Interestingly, the HAM-D score showed a significant negative correlation with the FAA in MDD patients with SI. Our results suggest that higher HAM-D scores cause relatively left skewed frontal activity. In fact, previous studies did not obtain consistent results on the relationship between FAA and depression severity. Thibodeau et al. [20] also examined this in their meta-analysis, but failed to obtain any conclusive findings. Furthermore, Stewart et al. [19] showed that a pattern of less relative left frontal activity was observed in women with ongoing high depressive severity than in women with low depressive severity, which in contrast to the results obtained in men. van der Vinne et al. [18] also observed a significant three-way interaction for sex × age × depression severity in the patients with depression. They noted that the right-sided FAA (left skewed frontal activity) is higher in severely depressed women aged 53 years and older, in contrast to a relatively more left-sided FAA in severely depressed men of the same age. Thus, further investigation is required on this topic and our results suggest that SI might be an important factor for future research.

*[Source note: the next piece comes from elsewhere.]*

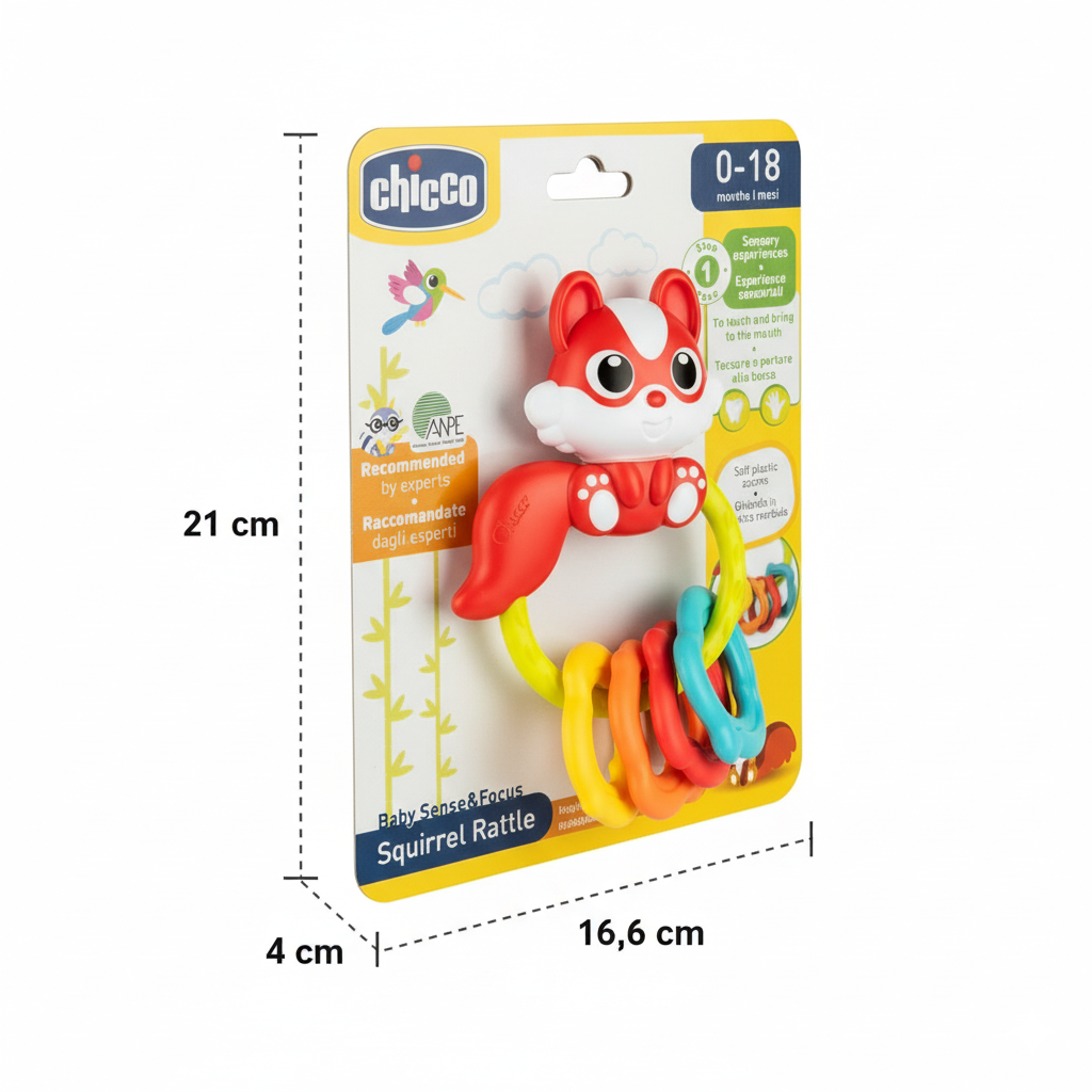 Las cuatro bellotas de plástico blando ofrecen una superficie segura para morder, perfecta para aliviar las encías durante la dentición. Al agitarlo, el sonajero produce un tintineo delicado que fomenta la percepción auditiva y la relación causa–efecto. Su anillo de gran tamaño facilita un agarre cómodo y estable, ayudando al bebé a fortalecer su motricidad fina mientras experimenta diferentes texturas y movimientos.

Furthermore, in this study, SI was investigated to evaluate its role in the relationship between depressive symptom severity and FAA. Even though clinical variables, including age and sex, were considered as covariates, the interaction effect of HAM-D with SI was found in patients with MDD. This result implies that SI moderates the effects of depressive symptom severity on FAA. A significant FAA difference between low and high HAM-D was found only in MDD patients with SI, whereas no significance was observed in MDD patients without SI. In this study, the p value of 0.61 obtained in the hierarchical interaction effect analysis seems marginal. However, as Selvin [47] strongly suggested, an increase in the level of significance is usually required to test the effect of an interaction, otherwise, erroneous elimination of interaction effects could substantially disrupt the validity the conclusions obtained.

It is important to note that this study had several limitations. First, the sample size of MDD patients with SI was relatively smaller than that of other groups. Second, the number of male participants was relatively small to fully explore the effect of sex. Despite the above limitations, the reported results provide a starting point for future FAA studies, indicating the importance of SI as a meaningful covariate.

Our results suggest that a difference in FAA exists between patients with MDD and HCs. The FAA could be associated with depressive symptom severity in MDD patients with SI. In addition, SI moderates the effects of depressive symptom on FAA. Our results suggest that SI should be considered as a moderator in future FAA studies.